_TASK OBJECTIVE:_ Going line by line through the entries below, tally those that hold the string "PÁGINA". Give only the total.

───── EXERCISE MATERIAL ─────

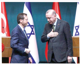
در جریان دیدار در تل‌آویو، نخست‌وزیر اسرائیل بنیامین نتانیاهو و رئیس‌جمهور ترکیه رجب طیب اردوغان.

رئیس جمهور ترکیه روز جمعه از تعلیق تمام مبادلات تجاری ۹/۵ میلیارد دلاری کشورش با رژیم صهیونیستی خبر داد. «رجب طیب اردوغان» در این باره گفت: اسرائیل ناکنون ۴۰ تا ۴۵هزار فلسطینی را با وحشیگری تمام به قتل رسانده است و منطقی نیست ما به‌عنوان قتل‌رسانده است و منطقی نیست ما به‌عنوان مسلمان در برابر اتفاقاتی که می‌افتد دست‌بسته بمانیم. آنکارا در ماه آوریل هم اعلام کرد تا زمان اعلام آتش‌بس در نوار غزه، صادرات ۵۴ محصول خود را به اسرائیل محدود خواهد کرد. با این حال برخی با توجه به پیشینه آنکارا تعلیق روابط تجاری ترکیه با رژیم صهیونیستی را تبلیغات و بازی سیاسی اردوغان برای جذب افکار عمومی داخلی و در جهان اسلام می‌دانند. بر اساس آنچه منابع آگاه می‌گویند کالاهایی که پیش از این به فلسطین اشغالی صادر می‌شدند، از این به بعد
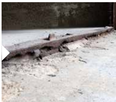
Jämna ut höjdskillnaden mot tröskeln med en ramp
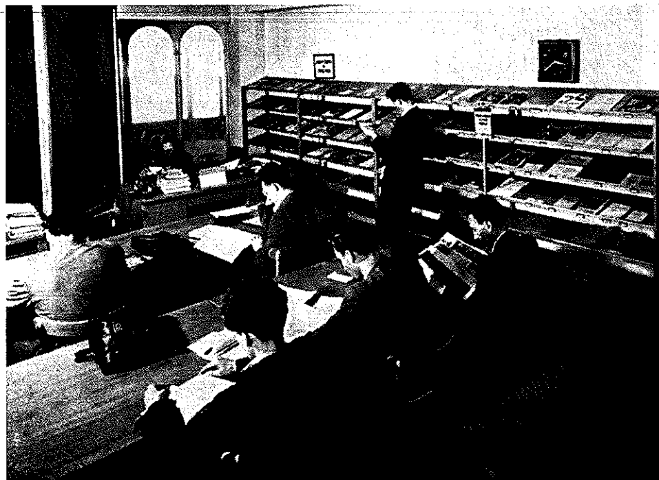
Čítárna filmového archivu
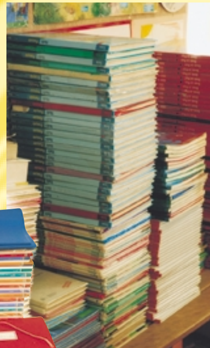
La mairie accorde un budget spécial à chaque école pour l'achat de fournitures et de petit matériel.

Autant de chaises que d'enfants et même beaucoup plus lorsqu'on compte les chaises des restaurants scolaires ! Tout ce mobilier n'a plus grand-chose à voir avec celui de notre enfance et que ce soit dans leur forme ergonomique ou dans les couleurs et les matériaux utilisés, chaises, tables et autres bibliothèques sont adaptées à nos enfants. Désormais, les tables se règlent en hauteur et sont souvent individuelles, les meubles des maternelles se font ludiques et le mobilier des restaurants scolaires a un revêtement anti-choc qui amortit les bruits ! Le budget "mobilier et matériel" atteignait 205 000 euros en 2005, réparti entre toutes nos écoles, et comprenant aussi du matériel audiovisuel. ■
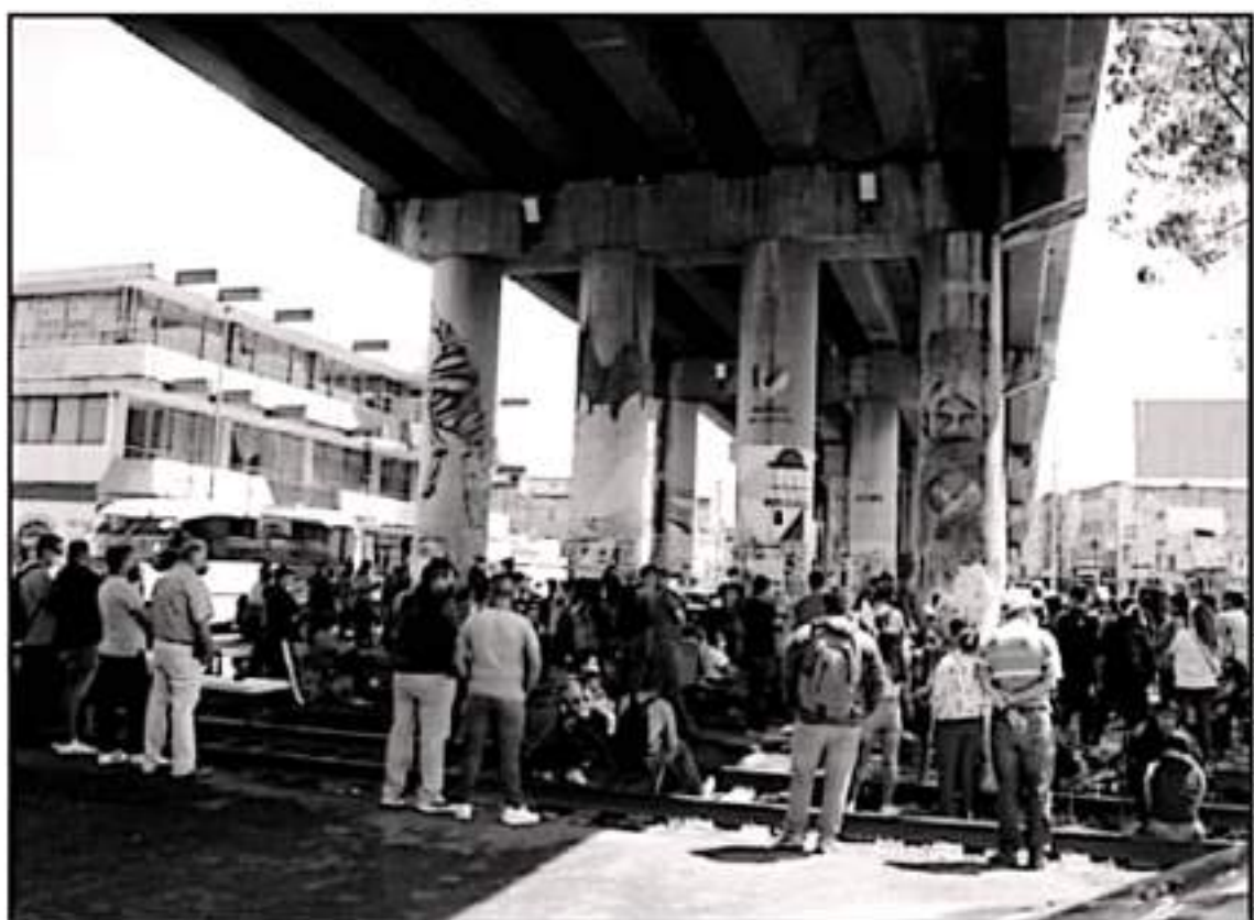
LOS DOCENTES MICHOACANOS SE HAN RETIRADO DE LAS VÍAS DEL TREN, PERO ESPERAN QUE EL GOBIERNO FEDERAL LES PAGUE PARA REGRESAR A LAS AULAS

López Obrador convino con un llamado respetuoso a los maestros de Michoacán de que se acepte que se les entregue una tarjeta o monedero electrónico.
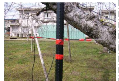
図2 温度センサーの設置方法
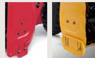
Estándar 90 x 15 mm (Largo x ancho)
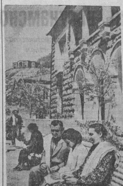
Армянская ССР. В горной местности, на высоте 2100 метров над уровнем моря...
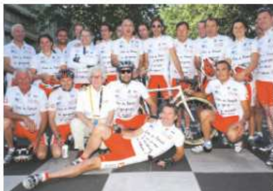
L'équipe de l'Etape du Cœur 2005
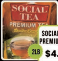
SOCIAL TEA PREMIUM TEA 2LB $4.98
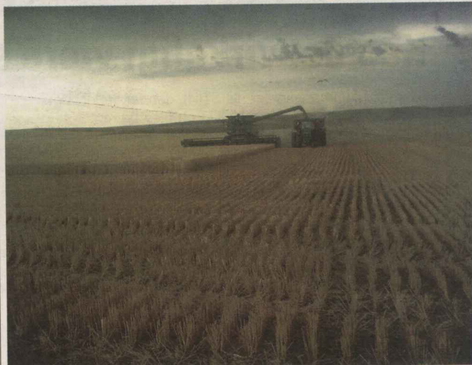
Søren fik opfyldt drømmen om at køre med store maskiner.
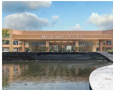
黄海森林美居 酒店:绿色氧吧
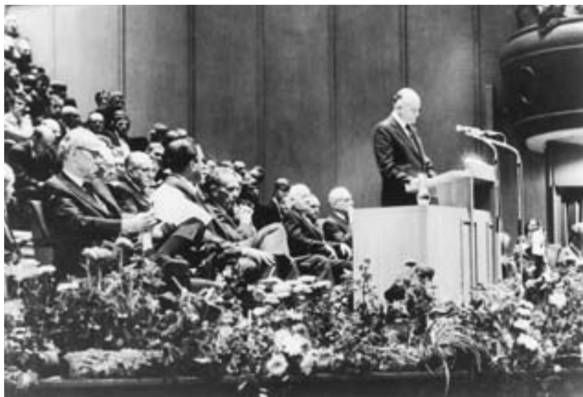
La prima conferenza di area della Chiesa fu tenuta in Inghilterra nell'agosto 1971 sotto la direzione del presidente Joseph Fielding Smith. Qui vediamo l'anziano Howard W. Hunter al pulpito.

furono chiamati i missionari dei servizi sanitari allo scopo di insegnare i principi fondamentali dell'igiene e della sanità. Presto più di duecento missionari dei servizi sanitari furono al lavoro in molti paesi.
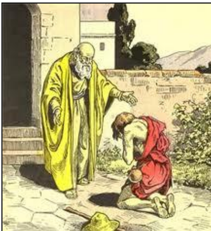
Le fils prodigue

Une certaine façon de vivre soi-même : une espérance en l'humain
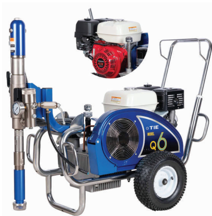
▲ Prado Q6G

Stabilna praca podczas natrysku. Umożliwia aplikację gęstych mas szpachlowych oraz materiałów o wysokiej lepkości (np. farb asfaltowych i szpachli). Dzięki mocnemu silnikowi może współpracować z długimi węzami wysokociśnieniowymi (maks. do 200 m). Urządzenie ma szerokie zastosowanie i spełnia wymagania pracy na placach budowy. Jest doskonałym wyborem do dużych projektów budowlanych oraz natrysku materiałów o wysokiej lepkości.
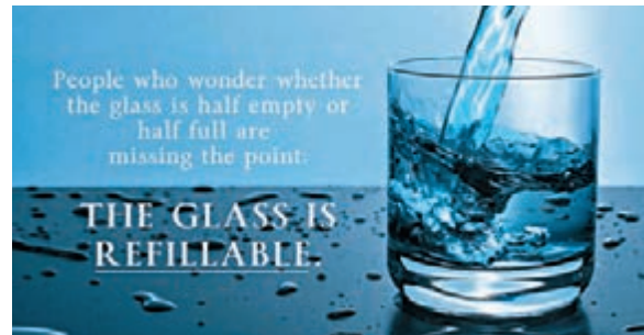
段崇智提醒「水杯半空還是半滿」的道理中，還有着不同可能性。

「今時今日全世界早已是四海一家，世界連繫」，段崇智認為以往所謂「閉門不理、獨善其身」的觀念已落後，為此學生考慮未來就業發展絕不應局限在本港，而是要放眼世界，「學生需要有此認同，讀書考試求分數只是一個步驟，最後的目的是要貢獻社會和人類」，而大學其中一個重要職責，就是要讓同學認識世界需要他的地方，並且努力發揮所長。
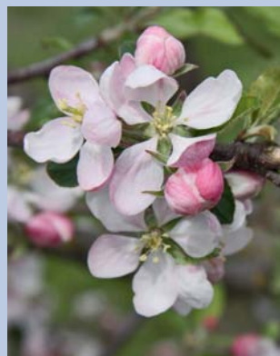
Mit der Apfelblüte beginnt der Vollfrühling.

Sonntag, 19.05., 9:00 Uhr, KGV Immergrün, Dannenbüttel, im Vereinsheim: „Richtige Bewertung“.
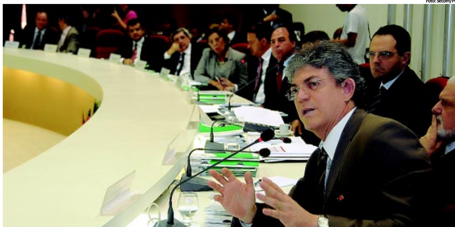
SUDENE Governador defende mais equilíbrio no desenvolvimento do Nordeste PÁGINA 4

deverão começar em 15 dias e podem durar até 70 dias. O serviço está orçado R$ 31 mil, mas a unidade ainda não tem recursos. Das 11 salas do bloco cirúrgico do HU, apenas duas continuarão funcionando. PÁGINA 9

─────

_SOLUTION BELOW:_ 2